Hopefully Apple will do the same for macOS 27.

[1] https://www.macrumors.com/2026/03/15/ios-27-will-reportedly-...

jesse_dot_id 2 hours ago
As a hobbyist music producer with an interface always connected, that microphone indicator is so annoying and unnecessary. I can't believe it can't just be disabled outright. I like macOS but it's too opinionated and some of those opinions SUCK.
KennyBlanken 19 minutes ago
> The orange microphone dot indicator and its very colored friends can no longer have their brightness changed for dimming them, which made my YellowDot app useless [1] (I guess this is for privacy

It absolutely is for privacy, to stop malware or trojan programs from obscuring their accessing the camera or microphone.

> Reference Presets no longer allow setting arbitrary SDR nits, making it impossible to natively unlock 1600nits of brightness on MacBook Pros or 2000nits on Studio Display XDR which breaks my Lunar app [0] (this seems to be intended, no idea what hurt Apple that they had to block this under SIP)

OLED displays are widely expected this year. Not wanting to have to deal with "my battery life is an hour and a half instead of 10, what's going on!? Replace my battery!" nonsense is probably the remainder.

nowahe 3 hours ago
Ah I was wondering why I couldn't get past 600 nits on my M5 why it worked great on my M1. Guess I'll just have to live without it for now
alin23 2 hours ago
It's still possible with the older forced HDR + Gamma tone-mapping logic, but it has its limitations. The native unlocking was miles better.
reaperducer 3 hours ago
[flagged]
alin23 2 hours ago
Does everything need to be snark on HN now? What is happening with this place?

Those are valid problems affecting real people. For some are just missing conveniences, for others they are full on accessibility issues.

temp0826 27 minutes ago
Afaik ".internal" isn't reserved/defined anywhere, it's just a convention some people/devices use, and doesn't have anything to do with the root cause here (a custom resolve.conf or whatever it is called in macos changing after an update), no?
philo23 3 hours ago
It's not quite the same, but I've moved to using *.localhost for all my local web dev work. All modern browsers will resolve *.localhost to 127.0.0.1 internally. No need to setup any DNS resolvers or edit your hosts file.

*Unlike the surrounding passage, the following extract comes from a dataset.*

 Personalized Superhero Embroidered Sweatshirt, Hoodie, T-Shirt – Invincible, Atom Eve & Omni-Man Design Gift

But that only really helps you when you're dealing with websites in a browser, and when you want the address to resolve back to your local machine. So it wont help you with other programs like python/wget/etc or any calls you make to getaddrinfo()

nikisweeting 2 hours ago
The best part is that *.*.localhost is also supported, so you can finally just replace *.com for your prod domains with *.localhost.

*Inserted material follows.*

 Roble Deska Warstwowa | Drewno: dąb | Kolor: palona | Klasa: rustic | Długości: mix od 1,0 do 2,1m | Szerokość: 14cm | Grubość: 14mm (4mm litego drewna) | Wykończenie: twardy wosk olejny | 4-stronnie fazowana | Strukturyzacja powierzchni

ArchiveBox now uses this feature by default in the latest version to finally offer unique per-snapshot domain isolation, so we can safely replay archived JS without risking compromise of your whole archive.

Such an awesome feature, the barrier to do this used to be prohibitively high but now it "just works".

doctoboggan 1 hour ago
Yeah I've been doing this as well. I know it's a minor nit, but I wish that TLD was shorter. I've used *.local in the past but that has bitten me too many times.
zamadatix 3 hours ago
Good tip, I didn't realize the browser would automatically resolve any subdomain of localhost to 127.0.0.1/::1 as well these days.

I tested on Chrome but I assume this is true for Safari as well?

philo23 3 hours ago
Just tried it on my Mac and sadly it doesn’t seem like it. I’m still on Sequoia, so possibly it does it on Tahoe, but probably unlikely. That’s a shame.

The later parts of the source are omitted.